Entries supplied
BEGIN

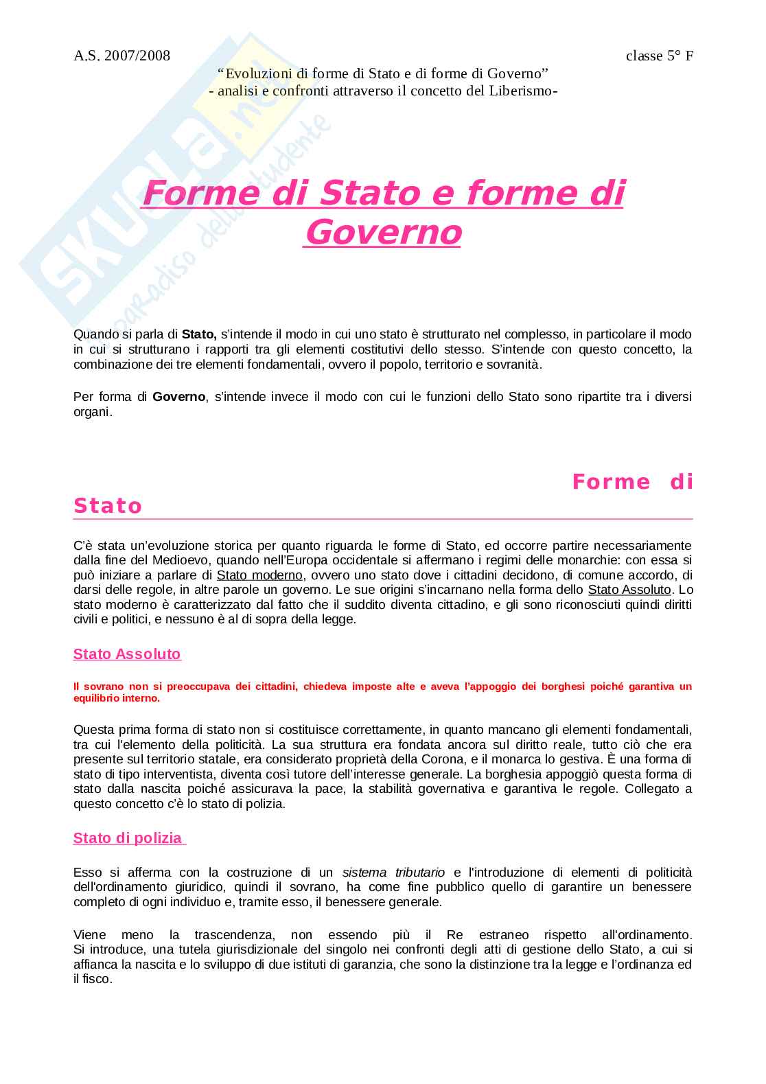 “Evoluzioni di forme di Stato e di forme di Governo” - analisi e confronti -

END
BEGIN

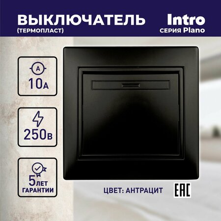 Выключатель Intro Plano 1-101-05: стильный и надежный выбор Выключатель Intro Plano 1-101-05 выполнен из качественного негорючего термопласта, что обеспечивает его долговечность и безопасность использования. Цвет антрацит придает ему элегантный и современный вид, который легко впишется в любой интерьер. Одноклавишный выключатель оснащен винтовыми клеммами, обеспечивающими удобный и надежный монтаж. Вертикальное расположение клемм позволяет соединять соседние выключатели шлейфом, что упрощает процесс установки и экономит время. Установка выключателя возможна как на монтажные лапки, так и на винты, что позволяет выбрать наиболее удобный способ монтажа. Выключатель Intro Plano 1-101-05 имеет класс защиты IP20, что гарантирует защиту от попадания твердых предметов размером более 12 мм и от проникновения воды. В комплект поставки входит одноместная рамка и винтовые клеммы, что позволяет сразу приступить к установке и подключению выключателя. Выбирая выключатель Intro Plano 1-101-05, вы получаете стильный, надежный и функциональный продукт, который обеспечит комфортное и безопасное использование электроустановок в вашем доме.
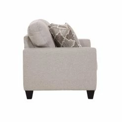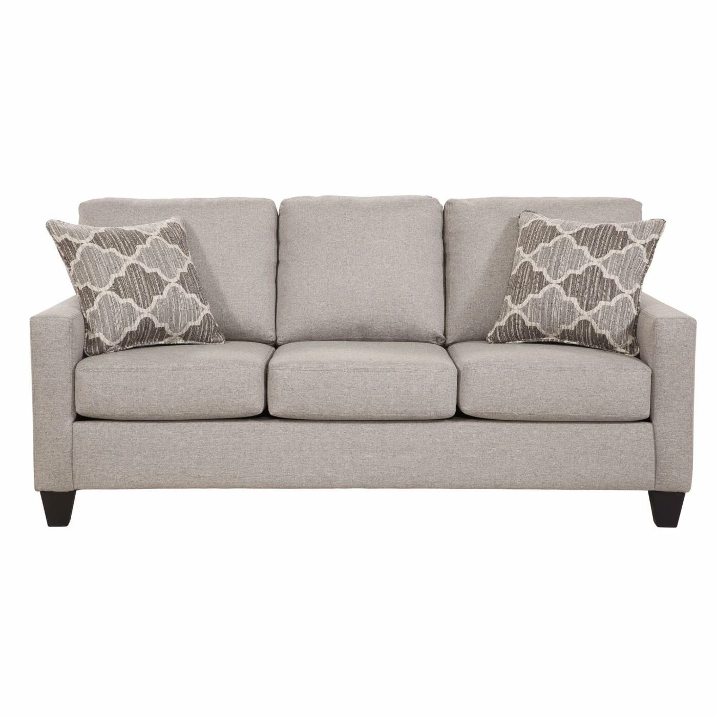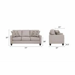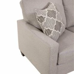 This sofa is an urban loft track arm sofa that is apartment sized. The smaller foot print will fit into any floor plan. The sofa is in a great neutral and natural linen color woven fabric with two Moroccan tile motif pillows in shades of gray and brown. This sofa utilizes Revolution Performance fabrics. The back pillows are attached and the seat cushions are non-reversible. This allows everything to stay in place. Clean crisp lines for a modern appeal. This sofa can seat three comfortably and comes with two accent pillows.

END

In the records above, everything from the line with "Выключатель Intro Plano 1-101-05: стильный" down to the line with "This sofa is" must be duplicated exactly, both lines kept. Leave no pictures in.

 Выключатель Intro Plano 1-101-05: стильный и надежный выбор Выключатель Intro Plano 1-101-05 выполнен из качественного негорючего термопласта, что обеспечивает его долговечность и безопасность использования. Цвет антрацит придает ему элегантный и современный вид, который легко впишется в любой интерьер. Одноклавишный выключатель оснащен винтовыми клеммами, обеспечивающими удобный и надежный монтаж. Вертикальное расположение клемм позволяет соединять соседние выключатели шлейфом, что упрощает процесс установки и экономит время. Установка выключателя возможна как на монтажные лапки, так и на винты, что позволяет выбрать наиболее удобный способ монтажа. Выключатель Intro Plano 1-101-05 имеет класс защиты IP20, что гарантирует защиту от попадания твердых предметов размером более 12 мм и от проникновения воды. В комплект поставки входит одноместная рамка и винтовые клеммы, что позволяет сразу приступить к установке и подключению выключателя. Выбирая выключатель Intro Plano 1-101-05, вы получаете стильный, надежный и функциональный продукт, который обеспечит комфортное и безопасное использование электроустановок в вашем доме.
 This sofa is an urban loft track arm sofa that is apartment sized. The smaller foot print will fit into any floor plan. The sofa is in a great neutral and natural linen color woven fabric with two Moroccan tile motif pillows in shades of gray and brown. This sofa utilizes Revolution Performance fabrics. The back pillows are attached and the seat cushions are non-reversible. This allows everything to stay in place. Clean crisp lines for a modern appeal. This sofa can seat three comfortably and comes with two accent pillows.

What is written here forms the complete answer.